**Work to complete**
Reproduce, from the lines below, exactly the stretch that begins at the line containing "Набор платиновой олимпиады-80" and ends at the line containing "Unbelievably luxe and", both included.

**Provided data**
────────
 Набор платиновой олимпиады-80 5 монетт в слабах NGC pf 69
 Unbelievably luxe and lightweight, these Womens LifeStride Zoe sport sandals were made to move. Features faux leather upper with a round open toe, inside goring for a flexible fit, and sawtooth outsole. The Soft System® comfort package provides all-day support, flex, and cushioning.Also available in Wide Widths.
────────
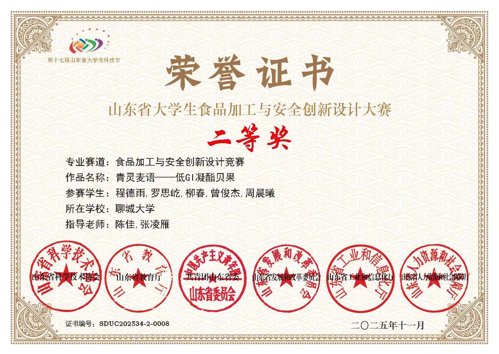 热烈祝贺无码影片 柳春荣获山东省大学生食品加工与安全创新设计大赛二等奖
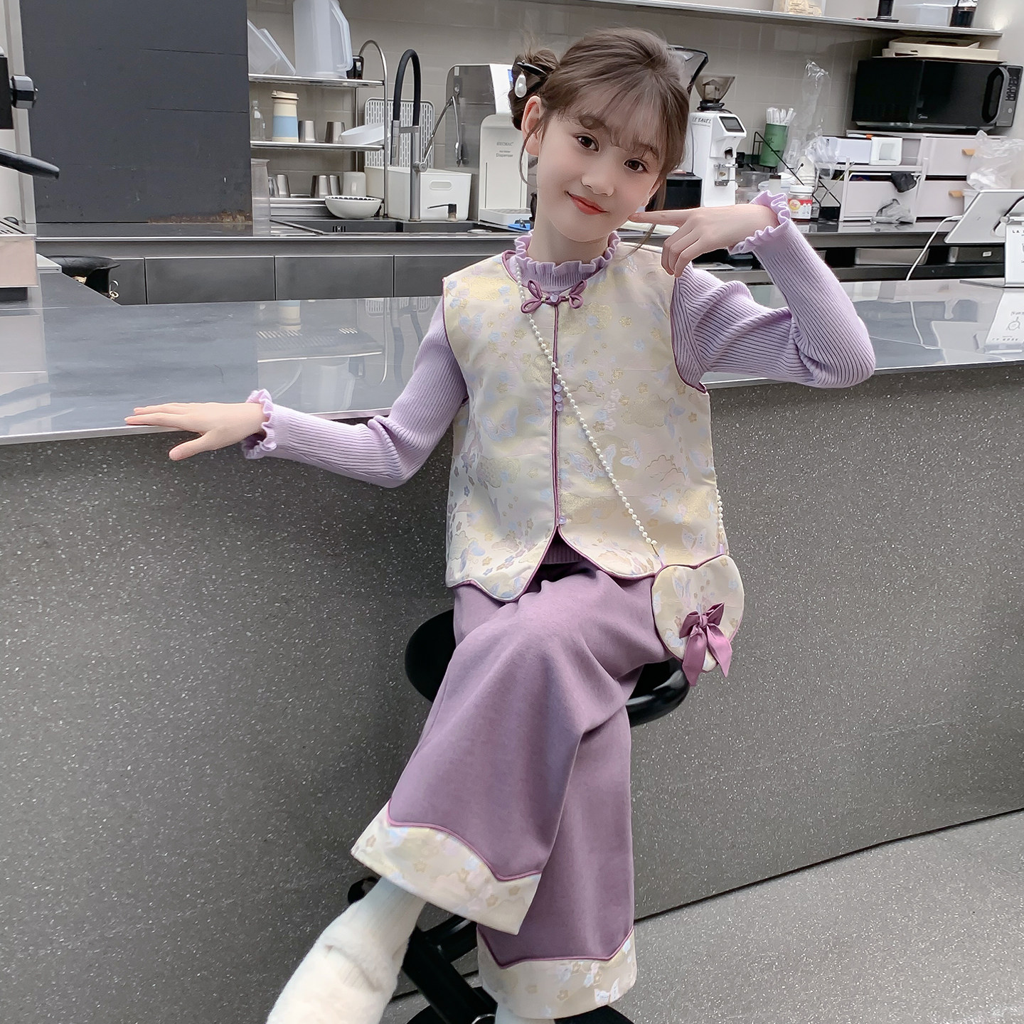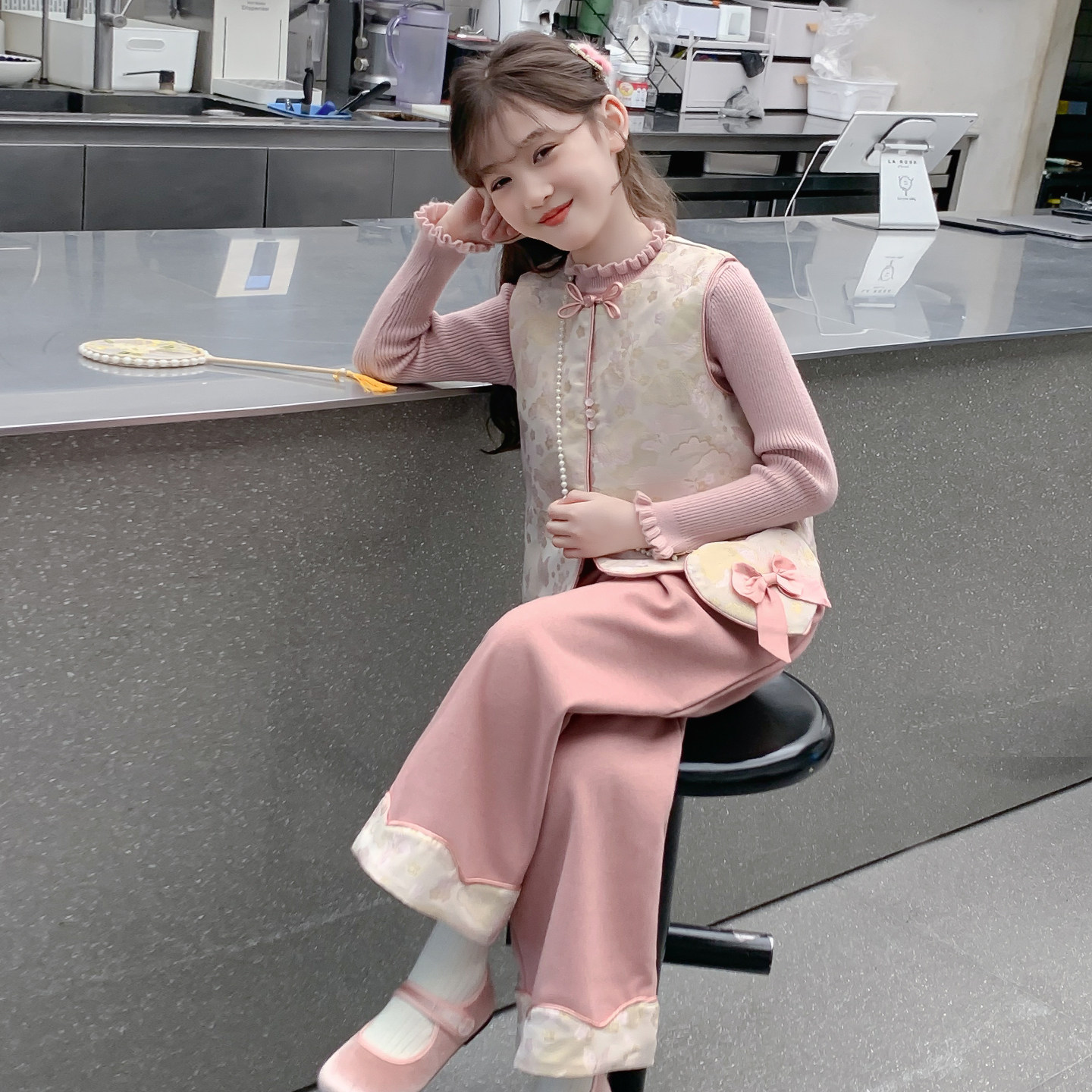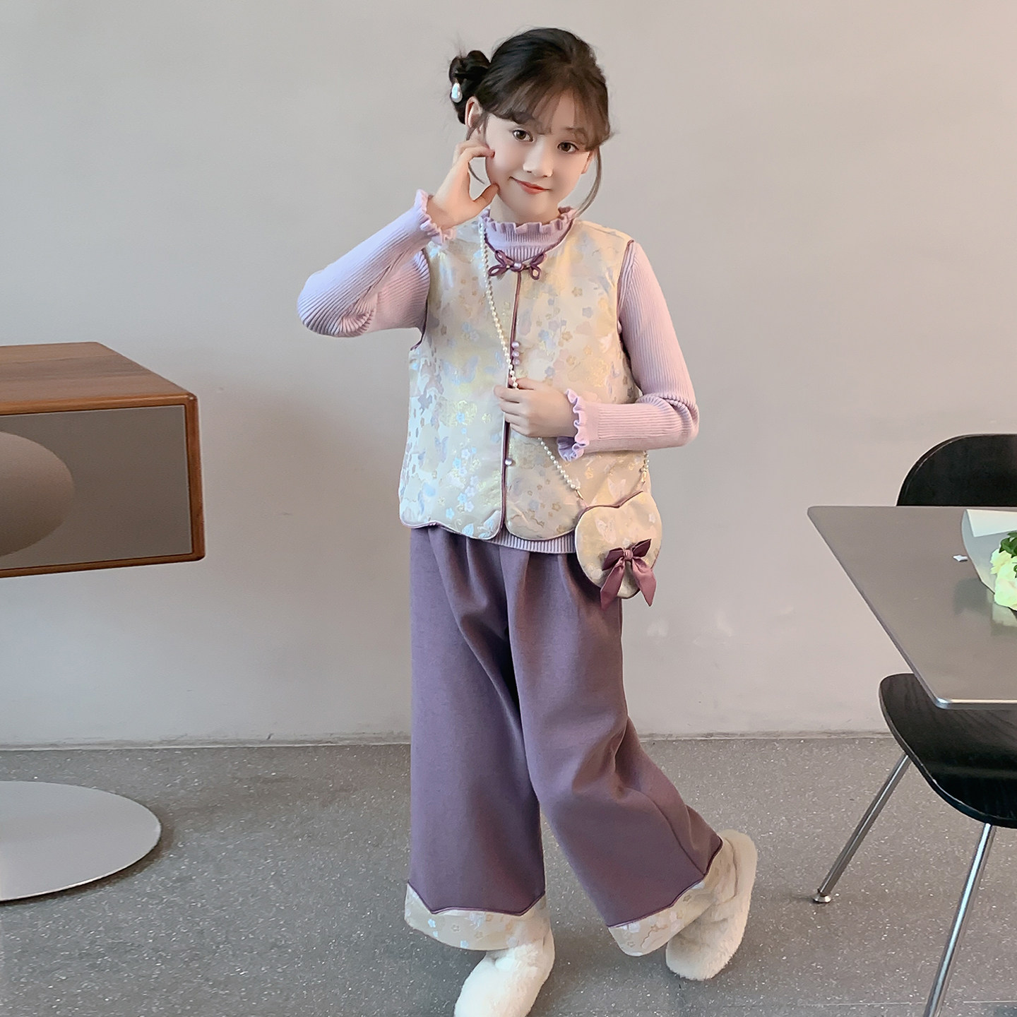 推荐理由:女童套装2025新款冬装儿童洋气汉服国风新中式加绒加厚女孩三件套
────────
**Output for this exercise**
 Набор платиновой олимпиады-80 5 монетт в слабах NGC pf 69
 Unbelievably luxe and lightweight, these Womens LifeStride Zoe sport sandals were made to move. Features faux leather upper with a round open toe, inside goring for a flexible fit, and sawtooth outsole. The Soft System® comfort package provides all-day support, flex, and cushioning.Also available in Wide Widths.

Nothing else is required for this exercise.